Task directions — Could you retype the records below exactly as they appear, skipping any pictures?

Dataset entries —
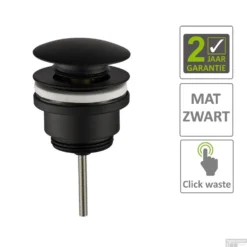 Een waste houdt in dat het mogelijk is de afvoer van de wasbak af te sluiten of te openen. Een clickwaste wordt bediend door met uw duim op te drukken. De eerste keer drukken dicht, de tweede keer drukken open. Een losse stop is daarom niet meer nodig.
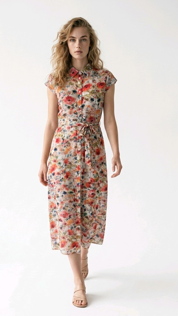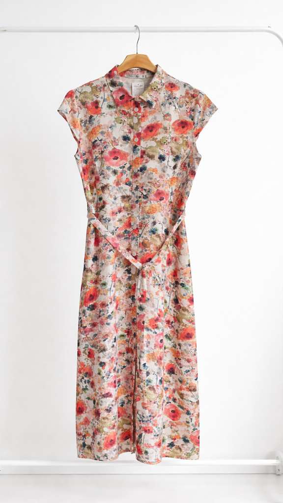 Lehké košilové šaty PATRYZIA s jemným květinovým potiskem představují ideální spojení ženskosti a pohodlí. Oblíbený košilový střih s límečkem a zapínáním po celé délce působí upraveně, zatímco pásek v pase krásně zvýrazní siluetu.
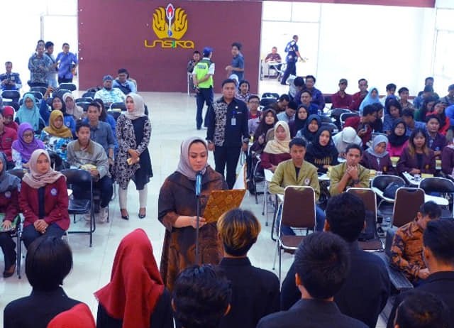 Bupati Cellica saat melakukan prosesi pelantikan IMAKA, di Aula Universitas Negeri Singaperbangsa Karawang (Unsika), Kamis pagi (24/1/2019).
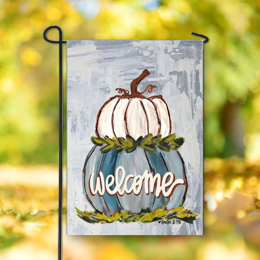Welcome Double Stacked Neutral Pumpkin Garden Flag
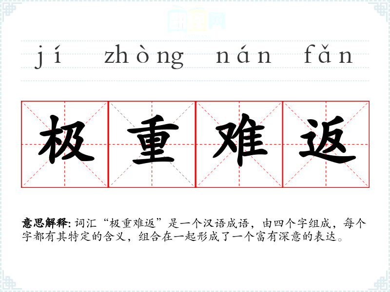 词汇“极重难返”是一个汉语成语,由四个字组成,每个字都有其特定的含义,组合在一起形成了一个富有深意的表达。
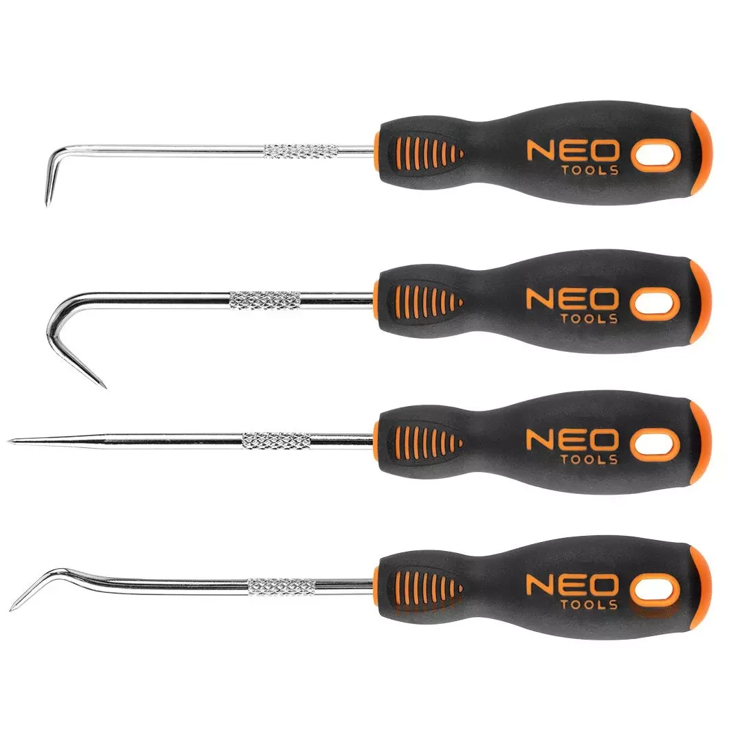 Zestaw 4 szt. haków 150 mm NEO Tools 04-231 to wielozadaniowy zestaw haków z rękojeścią wkrętakową o długość 140 mm, wyposażone w wytrzymały grot ze stali chromowo-wanadowej. Uchwyty pokryte są tworzywem TPR, słynącym z wysokiej odporności na działania olejów mineralnych, smarów czy chemikaliów. Zestaw haków od marki NEO rekomendowany jest do szerokiego zakresu zadań.
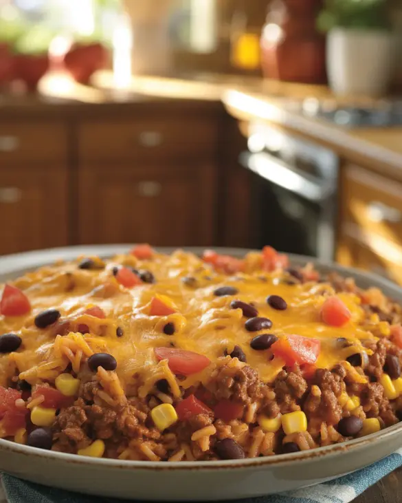 Satisfying Mexican Ground Beef Casserole with Rice for Dinner
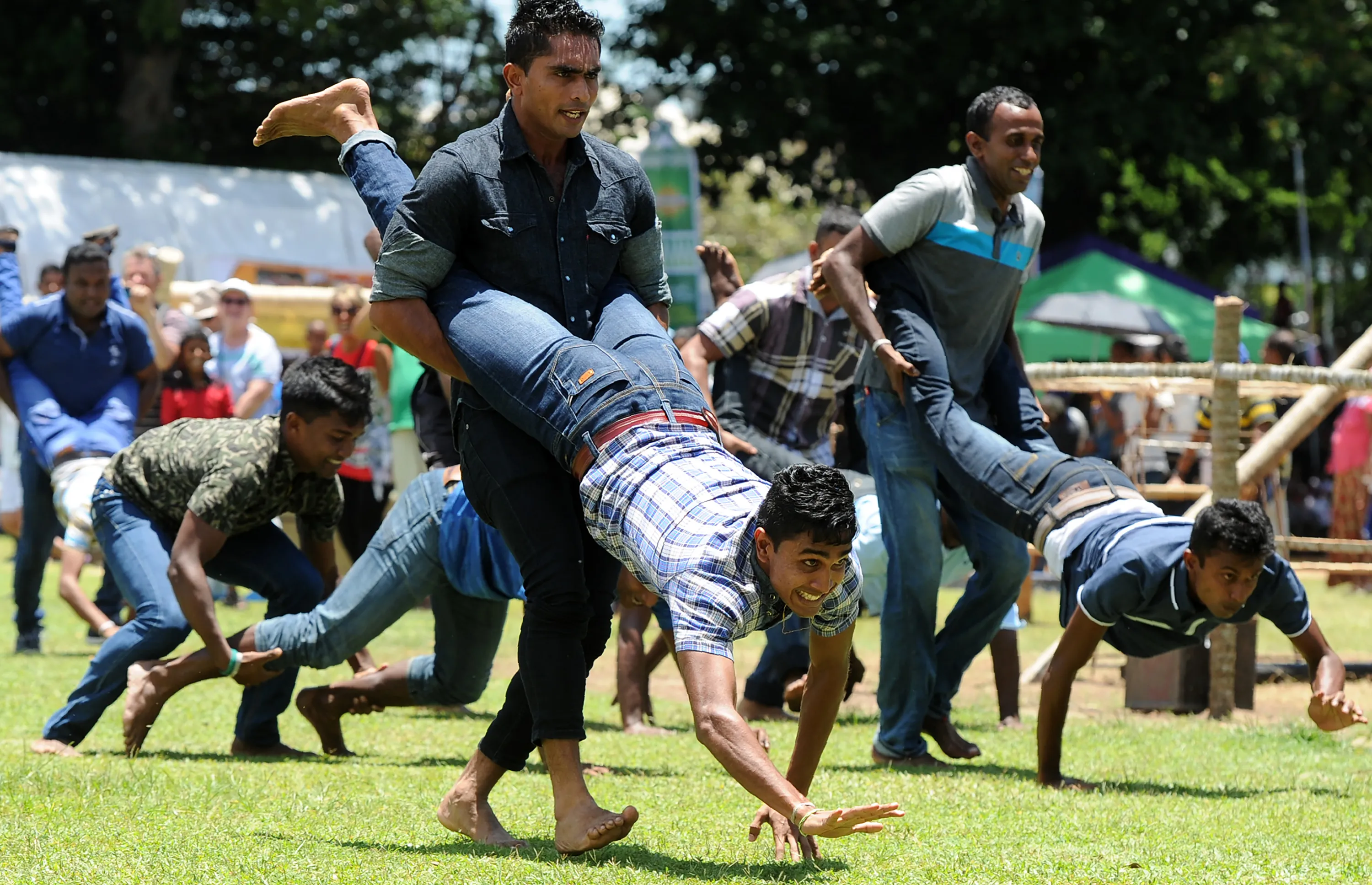 Sri Lankan people participate in a traditional game during Sinhala and Tamil New Year celebrations in Colombo on April 8, 2018. Sri Lanka's Sinhalese and Tamil communities will mark the new year on April 14. (Photo by Lakruwan Wanniarachchi/AFP Photo)
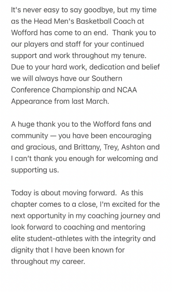 Dwight Perry, who was dismissed as the head men’s basketball coach at Wofford back on September 12th, has issued his first public statement since his release:
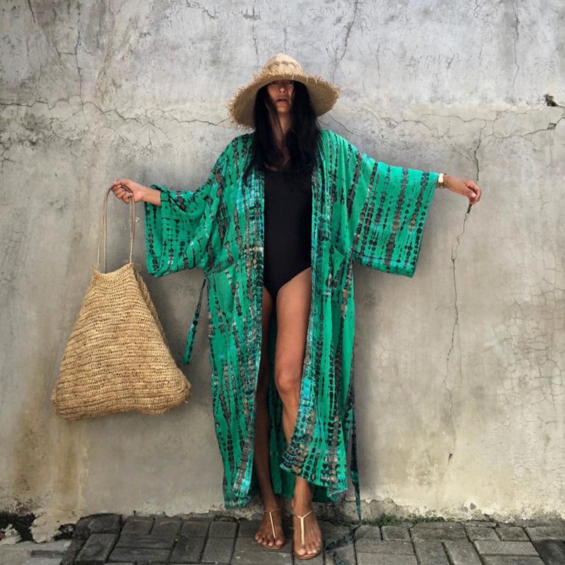 Женское шифоновое пляжное кимоно с принтом, длинный кардиган, блузка, шаль, свободные топы, пляжное кимоно, свободные топы с принтом, верхняя одежда, пляжная одежда 2021
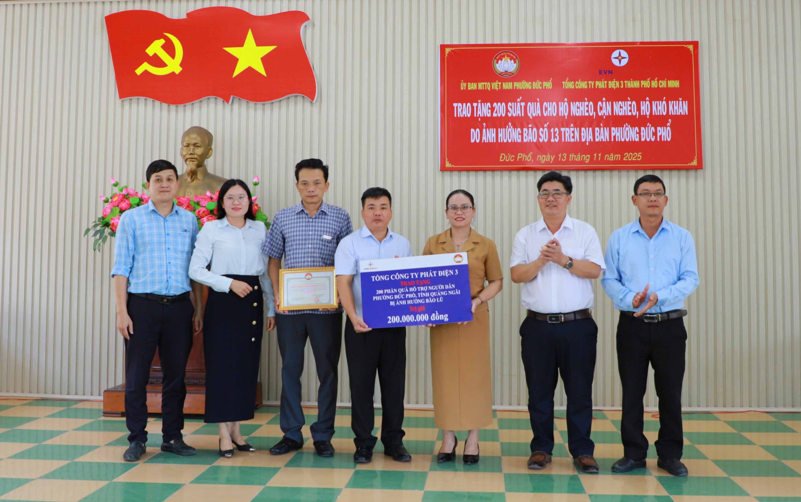 Đại diện EVNGENCO3 trao bảng tượng trưng phần quà hỗ trợ các gia đình có hoàn cảnh khó khăn do ảnh hưởng bão số 12, 13 cho đại diện lãnh đạo UBND, UBMTTQVN Phường Đức Phổ, tỉnh Quảng Ngãi
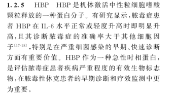 其中 2020 年《中国脓毒症早期预防与阻断急诊专家共识》提到:HBP 作为一种急性时相蛋白,是评估脓毒症患者疾病严重程度的有效生物标志 物,在脓毒性休克患者的早期诊断和疗效监测中更为重要。
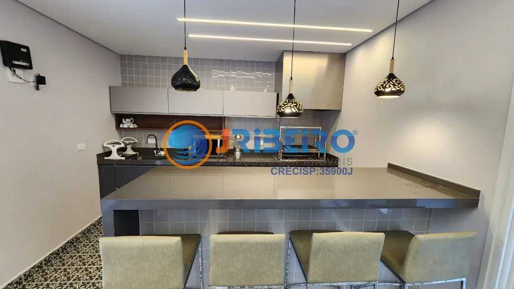 Cozinha americana e copa integradas, oferecendo modernidade e praticidade
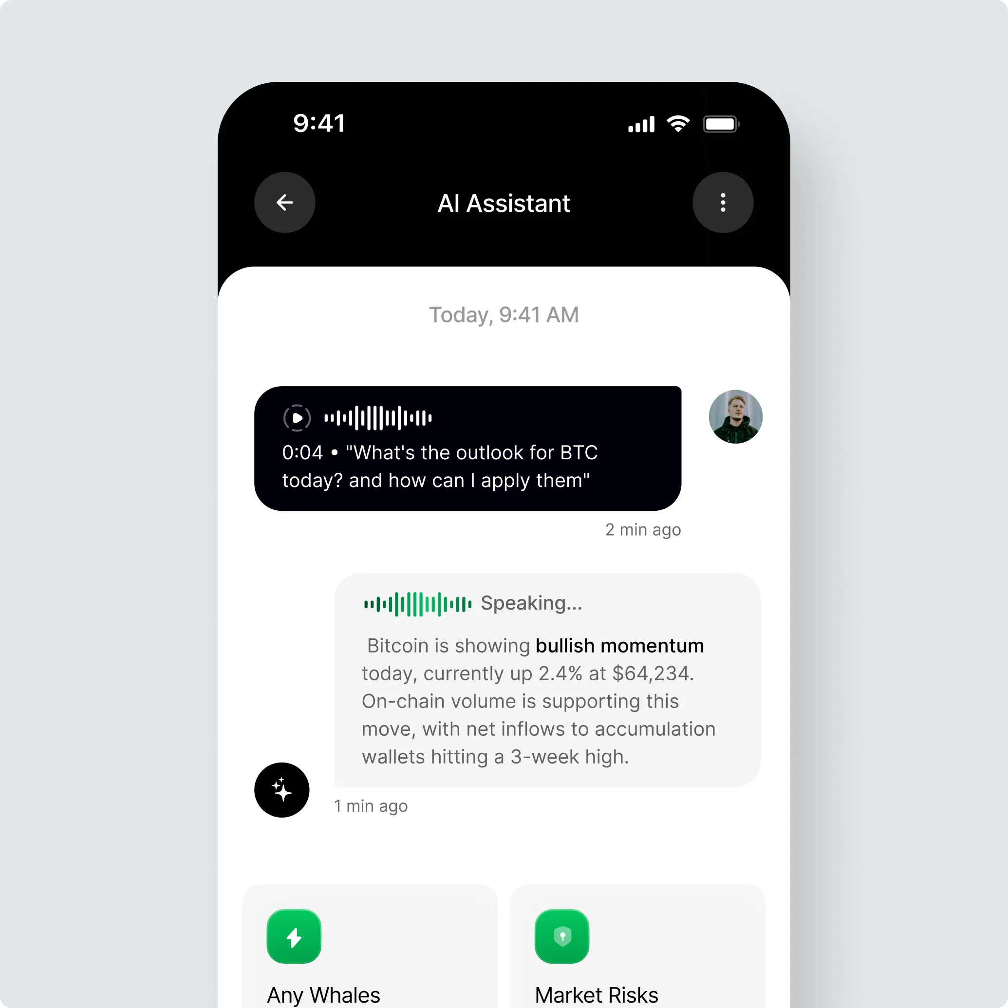 Objective: Turn passive insights into active guidance and automated execution. We prototyped the core agent behaviors: health scoring for tokens, risk surfacing (e.g., whale movements), personalized recommendations, and natural language summaries of market activity. We validated that the agent reduces manual analysis and accelerates decisions, with flows for setting automated rules ("if X happens, do Y") and confirming high-stakes actions before execution.

Task solution —
 Een waste houdt in dat het mogelijk is de afvoer van de wasbak af te sluiten of te openen. Een clickwaste wordt bediend door met uw duim op te drukken. De eerste keer drukken dicht, de tweede keer drukken open. Een losse stop is daarom niet meer nodig.
 Lehké košilové šaty PATRYZIA s jemným květinovým potiskem představují ideální spojení ženskosti a pohodlí. Oblíbený košilový střih s límečkem a zapínáním po celé délce působí upraveně, zatímco pásek v pase krásně zvýrazní siluetu.
 Bupati Cellica saat melakukan prosesi pelantikan IMAKA, di Aula Universitas Negeri Singaperbangsa Karawang (Unsika), Kamis pagi (24/1/2019).
Welcome Double Stacked Neutral Pumpkin Garden Flag
 词汇“极重难返”是一个汉语成语,由四个字组成,每个字都有其特定的含义,组合在一起形成了一个富有深意的表达。
 Zestaw 4 szt. haków 150 mm NEO Tools 04-231 to wielozadaniowy zestaw haków z rękojeścią wkrętakową o długość 140 mm, wyposażone w wytrzymały grot ze stali chromowo-wanadowej. Uchwyty pokryte są tworzywem TPR, słynącym z wysokiej odporności na działania olejów mineralnych, smarów czy chemikaliów. Zestaw haków od marki NEO rekomendowany jest do szerokiego zakresu zadań.
 Satisfying Mexican Ground Beef Casserole with Rice for Dinner
 Sri Lankan people participate in a traditional game during Sinhala and Tamil New Year celebrations in Colombo on April 8, 2018. Sri Lanka's Sinhalese and Tamil communities will mark the new year on April 14. (Photo by Lakruwan Wanniarachchi/AFP Photo)
 Dwight Perry, who was dismissed as the head men’s basketball coach at Wofford back on September 12th, has issued his first public statement since his release:
 Женское шифоновое пляжное кимоно с принтом, длинный кардиган, блузка, шаль, свободные топы, пляжное кимоно, свободные топы с принтом, верхняя одежда, пляжная одежда 2021
 Đại diện EVNGENCO3 trao bảng tượng trưng phần quà hỗ trợ các gia đình có hoàn cảnh khó khăn do ảnh hưởng bão số 12, 13 cho đại diện lãnh đạo UBND, UBMTTQVN Phường Đức Phổ, tỉnh Quảng Ngãi
 其中 2020 年《中国脓毒症早期预防与阻断急诊专家共识》提到:HBP 作为一种急性时相蛋白,是评估脓毒症患者疾病严重程度的有效生物标志 物,在脓毒性休克患者的早期诊断和疗效监测中更为重要。
 Cozinha americana e copa integradas, oferecendo modernidade e praticidade
 Objective: Turn passive insights into active guidance and automated execution. We prototyped the core agent behaviors: health scoring for tokens, risk surfacing (e.g., whale movements), personalized recommendations, and natural language summaries of market activity. We validated that the agent reduces manual analysis and accelerates decisions, with flows for setting automated rules ("if X happens, do Y") and confirming high-stakes actions before execution.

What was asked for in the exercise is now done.